Canada

Religious freedom does not mean freedom to practice illiberal religion

To defend religious freedom no more implies its superiority to other human rights than to defend any such right

Indonesian Christians protest violence by Islamic hard-liners in Jakarta, Aug. 15, 2010. (Dita Alangkara/AP)

The New Missionaries is a joint project between Maclean’s and OpenCanada.org, the Canadian International Council’s (CIC) hub for international affairs. Click here to learn more about the CIC. To read Janet Keeping on why there’s reason to question the government’s motives for establishing the Office of Religious Freedom, click here.

In establishing an Office of Religious Freedom, the present government is not placing religious freedom above other human rights, for the simple reason that to do so is impossible. To think that religious freedom is liable to being placed above other human rights is to misunderstand what is meant by religious freedom (and therefore to misunderstand its relationship to these other rights).

To defend religious freedom no more implies its superiority to other human rights than to defend any such right implies its superiority to others. Properly understood (and there’s no reason to conclude that the present government understands it improperly) freedom of religion implies the other basic human rights. All are aspects of the autonomy of the individual, so to defend any is to defend that autonomy, and therefore (in principle) all the others. To establish an Office of Religious Freedom is therefore wholly without prejudice to any other human freedom.

Here the crucial point to grasp is that religious freedom has never meant freedom to practice illiberal religion (i.e. any religion that seeks to employ coercion, whether of its own adherents or others). You can’t persecute under the mantle of freedom from persecution, and it’s precisely freedom from religious persecution for which “religious freedom” is shorthand.
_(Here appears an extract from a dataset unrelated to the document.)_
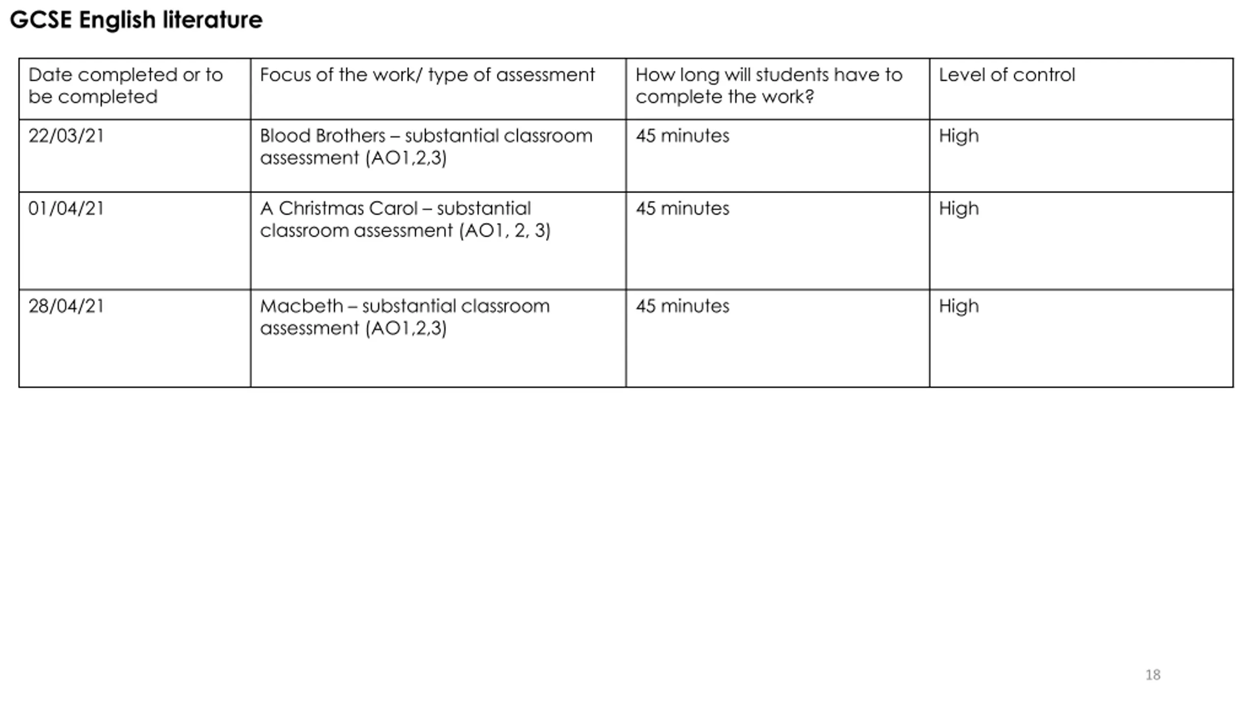 GCSE English literature Date completed or to be completed Focus of the work/ type of assessment How long will students have to complete the work? Level of control 22/03/21 Blood Brothers substantial classroom assessment (AO1,2,3) 45 minutes High 01/04/21 A Christmas Carol substantial classroom assessment (AO1, 2, 3) 45 minutes High 28/04/21 Macbeth substantial classroom assessment (AO1,2,3) 45 minutes High 18

In a clash of dogmatic and intolerant sects (of which there are still many in the world today), neither party can invoke the protection of the principle of religious freedom.

Nor, however, can any sect claim protection for practices that violate any human right, for any such violation amounts to illegitimate coercion on behalf of religion. The best way to understand religious freedom is precisely as freedom from such coercion.
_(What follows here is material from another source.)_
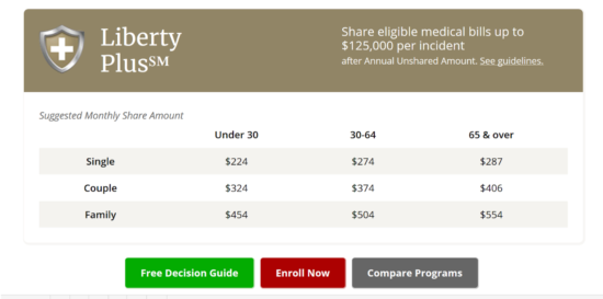 The Liberty Share Plan covers up to 70% of eligible medical costs, up to $125,000 – which tells us this is NOT a cost-effective plan. The slight savings in the monthly share amount doesn’t justify the much greater liability the family is assuming.

From this, it follows that religious freedom equally protects the religious and the non-religious. The believer can no more coerce the atheist than the atheist can coerce the believer. I don’t fault the Harper government for not billing its new entity as the office for the Equal Protection of Believers and Non-Believers. However, to defend religious freedom is, in fact, to vindicate such equal protection. Who benefits from the purging of all coercion from the realm of religion? Obviously not only the religious.

There is, of course, one sense in which the establishment of an Office of Religious Freedom does “place religious freedom above other human rights,” but that sense is neither improper nor sinister. All governments choose their fights, and then their fights within their fights. For the Harper government to create such an office is not to turn its back on other human rights. It’s merely to indicate that it will focus a portion of its limited resources for international human rights promotion on issues of religious freedom.

Consider this decision as analogous to one to create an Office of Freedom of the Press or of Freedom of Assembly. Would either such decision have aroused such animus? Neither of these freedoms is less fundamental than freedom of religion, but neither is either of them more so. All belong in the bundle, as necessary aspects of the human autonomy that we mentioned at the beginning. All three freedoms, moreover, are subject to massive violation in many parts of the world today. All are in sore need of white knights to ride to their defence. All, indeed, are in need of far larger squadrons of these than Canadian diplomacy (and the new office with its limited budget) have to deploy. Is the Harper government then to be faulted for choosing to employ its few drops of influence in one bucket rather than many? Or for choosing the issue that is most likely to command the enthusiasm of a large fraction of its supporters? Not by me it isn’t.

Clifford Orwin is a professor of political science, classic and Jewish studies at the University of Toronto, as well as a distinguished visiting fellow at the Hoover Institution at Stanford.